Считалось, что и песня обладает магической силой. Так, для успокоения мучительной боли от костного нарыва чартлама, когда ни лекари, ни врачи уже ничем не могли помочь, на агач-кумузе исполнялась монотонная мелодия
Считалось, что и песня обладает магической силой. Так, для успокоения мучительной боли от костного нарыва чартлама, когда ни лекари, ни врачи уже ничем не могли помочь, на агач-кумузе исполнялась монотонная мелодия одноименного названия. При этом многократно повторялись следующие слова:
О, чартлама, чартлама!
Я перестал (играть), и ты перестань (болеть)! И я оставил (игру), и ты оставь (боль)! Ва чартлама, чартлама!
Мен токътадым сен токъта!
Мен де къойдум, сен де къой!
Подобная лечебная магия музыки, песни при болезнях или ранении использовалась и другими народами Кавказа: адыгами, карачаево-балкарцами, осетинами и т.д.
Интересно в этом смысле предание о классике дагестанской поэзии, крупнейшем кумыкском поэте Йырчи Казаке. Один человек получил 12 ран, к тому же, оставшись в поле во время бурана, обморозил эти раны. Его обнаружили поздно, в бессознательном состоянии перенесли в аул и пригласили искусных лекарей. Каждый из них сделал, что мог, но раненый не приходил в себя. Наконец вспомнили о Йырчи Казаке, пригласили его, чтобы он, сидя у изголовья раненого, играл на агач-кумузе и своим искусством помог ему излечиться. Казак стал играть на агач-кумузе, но раненый не приходил в себя. Тогда Казак стал играть другую мелодию и запел героическую песню. Раненый пришел в себя. Й. Казак оставался там и продолжал свою "музыкотерапию" до тех пор, пока больной не стал поправляться.
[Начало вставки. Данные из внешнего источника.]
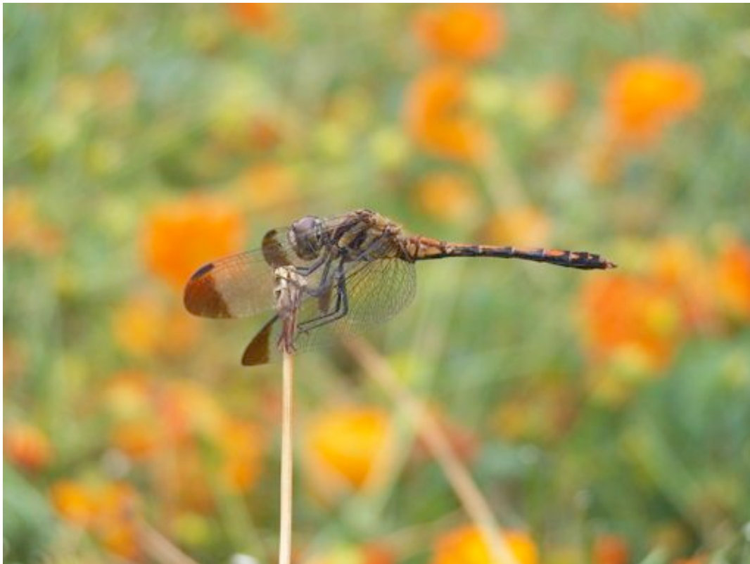
Dragonfly in downtown Tokyo, photograph by Simon Zappia.

Cover Photographs: Photograph by Bernie Roitberg.

О том, что Й. Казак обладал таким необычным даром, говорится и в предании, записанном Г. Мамаевым: "Юная дочь шамхала Райганат, с детства болевшая чахоткой и почти не встававшая с постели, когда Казак появлялся во дворе, становилась веселой и забывала о своей болезни. Когда приходил Казак, больная девушка, если даже была в постели, поднималась и тотчас начинала упрашивать его: "Дядя Казак, сыграй же на кумузе, спой, а!" И Казак ее успокаивал: "Не расстраивайся, княжна моя, я тебя песней своей излечу"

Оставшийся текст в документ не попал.